## ACTIVITY
Return only the lines of the data below from the line with "フロントタックから流れるよう" up to and including the line with "這次由臺中市東亞文化藝術交流", exactly as written, with the pictures omitted.

## DATA TO PROCESS
== Segment start ==

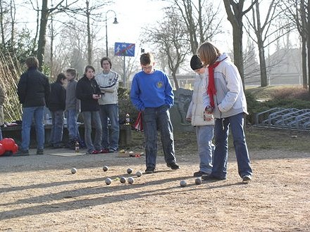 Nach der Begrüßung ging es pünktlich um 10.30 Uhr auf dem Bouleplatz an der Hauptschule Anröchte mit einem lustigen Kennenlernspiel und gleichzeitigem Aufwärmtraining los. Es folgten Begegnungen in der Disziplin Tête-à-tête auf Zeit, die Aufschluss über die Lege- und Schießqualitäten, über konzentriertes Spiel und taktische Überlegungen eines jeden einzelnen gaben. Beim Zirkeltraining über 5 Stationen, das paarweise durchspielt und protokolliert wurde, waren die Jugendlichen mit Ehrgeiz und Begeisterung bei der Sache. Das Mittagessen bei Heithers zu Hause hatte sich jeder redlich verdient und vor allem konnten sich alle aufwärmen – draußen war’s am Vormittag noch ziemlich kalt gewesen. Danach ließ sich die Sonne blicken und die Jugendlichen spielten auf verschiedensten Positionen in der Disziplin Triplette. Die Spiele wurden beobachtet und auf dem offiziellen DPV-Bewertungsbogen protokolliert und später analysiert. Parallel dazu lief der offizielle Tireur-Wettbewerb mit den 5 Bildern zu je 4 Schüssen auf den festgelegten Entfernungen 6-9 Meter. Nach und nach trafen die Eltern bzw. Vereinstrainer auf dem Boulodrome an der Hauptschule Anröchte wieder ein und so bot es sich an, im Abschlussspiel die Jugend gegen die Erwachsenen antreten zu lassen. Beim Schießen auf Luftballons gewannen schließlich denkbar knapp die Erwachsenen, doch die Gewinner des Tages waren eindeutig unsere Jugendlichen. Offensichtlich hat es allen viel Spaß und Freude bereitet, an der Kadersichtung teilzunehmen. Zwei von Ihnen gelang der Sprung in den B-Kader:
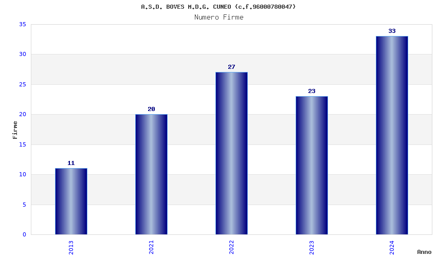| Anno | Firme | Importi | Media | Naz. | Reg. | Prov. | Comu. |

== Segment end ==
== Segment start ==

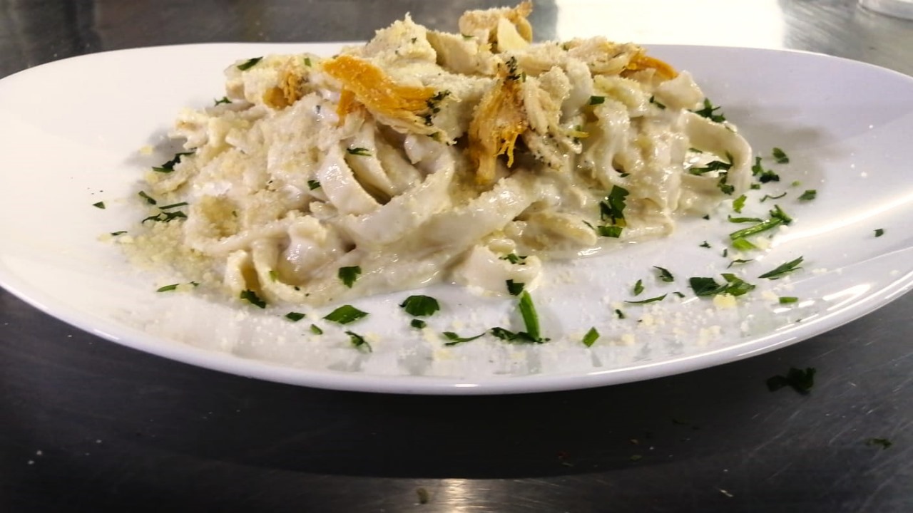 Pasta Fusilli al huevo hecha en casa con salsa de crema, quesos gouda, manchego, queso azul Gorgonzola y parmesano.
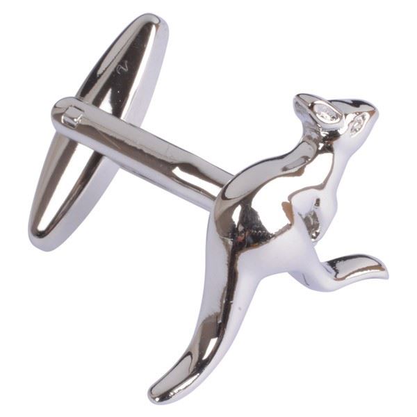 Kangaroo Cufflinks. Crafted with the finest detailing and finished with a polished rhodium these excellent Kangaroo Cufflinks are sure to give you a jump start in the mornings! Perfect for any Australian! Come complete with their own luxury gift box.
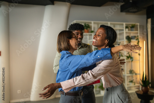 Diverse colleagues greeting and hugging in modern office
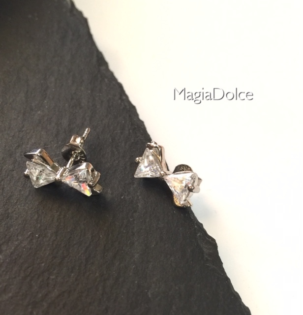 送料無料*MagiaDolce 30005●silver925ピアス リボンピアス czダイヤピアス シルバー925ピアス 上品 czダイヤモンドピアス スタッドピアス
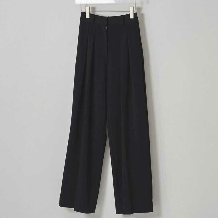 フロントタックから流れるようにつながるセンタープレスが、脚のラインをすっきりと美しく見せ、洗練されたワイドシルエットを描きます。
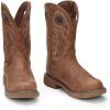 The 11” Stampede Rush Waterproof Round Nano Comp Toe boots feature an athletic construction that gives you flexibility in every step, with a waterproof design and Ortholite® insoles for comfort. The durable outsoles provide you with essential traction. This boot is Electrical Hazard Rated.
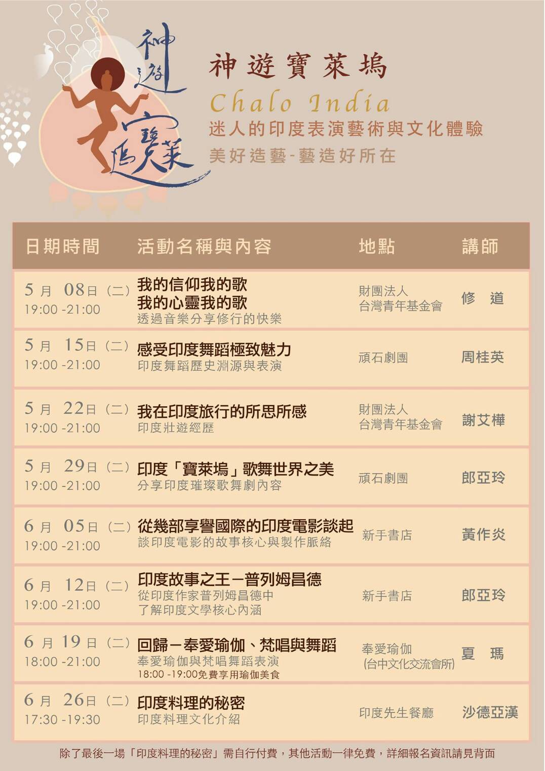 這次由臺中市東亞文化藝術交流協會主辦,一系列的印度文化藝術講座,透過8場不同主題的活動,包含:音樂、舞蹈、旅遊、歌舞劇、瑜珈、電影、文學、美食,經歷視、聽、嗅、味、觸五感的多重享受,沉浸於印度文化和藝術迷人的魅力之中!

== Segment end ==

## TASK SOLUTION
 フロントタックから流れるようにつながるセンタープレスが、脚のラインをすっきりと美しく見せ、洗練されたワイドシルエットを描きます。
 The 11” Stampede Rush Waterproof Round Nano Comp Toe boots feature an athletic construction that gives you flexibility in every step, with a waterproof design and Ortholite® insoles for comfort. The durable outsoles provide you with essential traction. This boot is Electrical Hazard Rated.
 這次由臺中市東亞文化藝術交流協會主辦,一系列的印度文化藝術講座,透過8場不同主題的活動,包含:音樂、舞蹈、旅遊、歌舞劇、瑜珈、電影、文學、美食,經歷視、聽、嗅、味、觸五感的多重享受,沉浸於印度文化和藝術迷人的魅力之中!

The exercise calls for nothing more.